For a more concrete identification of subtopics, please see chapters 2, 3 and 4 of (1), which has done an excellent job in listing and describing all important maths subtopics essential for machine learning students. In addition to that, students are strongly advised to gain a basic understanding of descriptive statistics and data distributions, statistical hypothesis testing, and data sampling, resampling, and experimental design techniques.

(1) Ian Goodfellow, Yoshua Bengio, & Aaron Courville (2016). Deep Learning. MIT Press.

Course Objectives Based on Bloom’s Taxonomy

What should a student remember at the end of the course?

By the end of the course, the students should be able to recognize and define

Different learning paradigms
A wide variety of learning approaches and algorithms
Various learning settings
Performance metrics
Popular machine learning software tools

What should a student be able to understand at the end of the course?

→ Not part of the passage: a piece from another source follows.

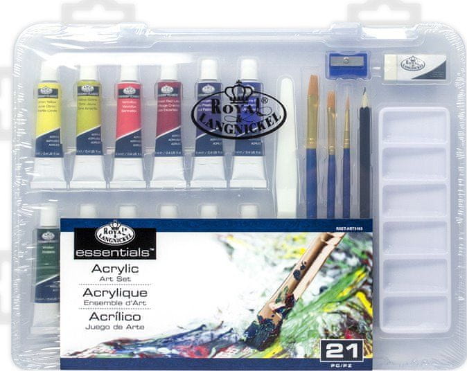 Umetniški komplet v praktičnem, prenosnem paketu za male in velike umetnike, ki radi slikajo. Komplet vsebuje: 3× čopiče – 3 velikosti, 1× brusilnik, 1× grafitni svinčnik, 1× plastično lopatko, 1× belo radirko, 1× belo plastično paleto – 6 posodic, 12 akrilnih barv (rumena, oker, svetlo rdeča, rdeča, temno modra, svetlo modra, temno zelena, svetlo zelena, svetlo rjava, temno rjava, črna, bela). Ameriška kakovost in 60-letna tradicija Royal +amp; Langnickel prihajata k vam domov. Ta svetovno priznani proizvajalec umetniških izdelkov je vodilni na trgu prodaje umetniških potrebščin. Izdelki so skrbno zasnovani in oblikovani tako, da izpolnjujejo najvišje standarde.

By the end of the course, the students should be able to describe and explain (with examples)

Difference between different learning paradigms
Difference between classification and regression
Concept of learning theory (bias/variance tradeoffs and large margins etc.)
Kernel methods
Regularization
Ensemble Learning
Neural or Deep Learning

What should a student be able to apply at the end of the course?

By the end of the course, the students should be able to apply

Classification approaches to solve supervised learning problems
Clustering approaches to solve unsupervised learning problems
Ensemble learning to improve a model’s performance
Regularization to improve a model’s generalization
Deep learning algorithms to solve real-world problems

Course evaluation

Course grade breakdown
		Proposed points
Labs/seminar classes	20	0
Interim performance assessment	30	40
Exams	50	60

If necessary, please indicate freely your course’s features in terms of students’ performance assessment: None

Grades range

Course grading range
		Proposed range
A. Excellent	90-100
B. Good	75-89
C. Satisfactory	60-74
D. Poor	0-59

If necessary, please indicate freely your course’s grading features: The semester starts with the default range as proposed in the Table [tab:MLCourseGradingRange], but it may change slightly (usually reduced) depending on how the semester progresses.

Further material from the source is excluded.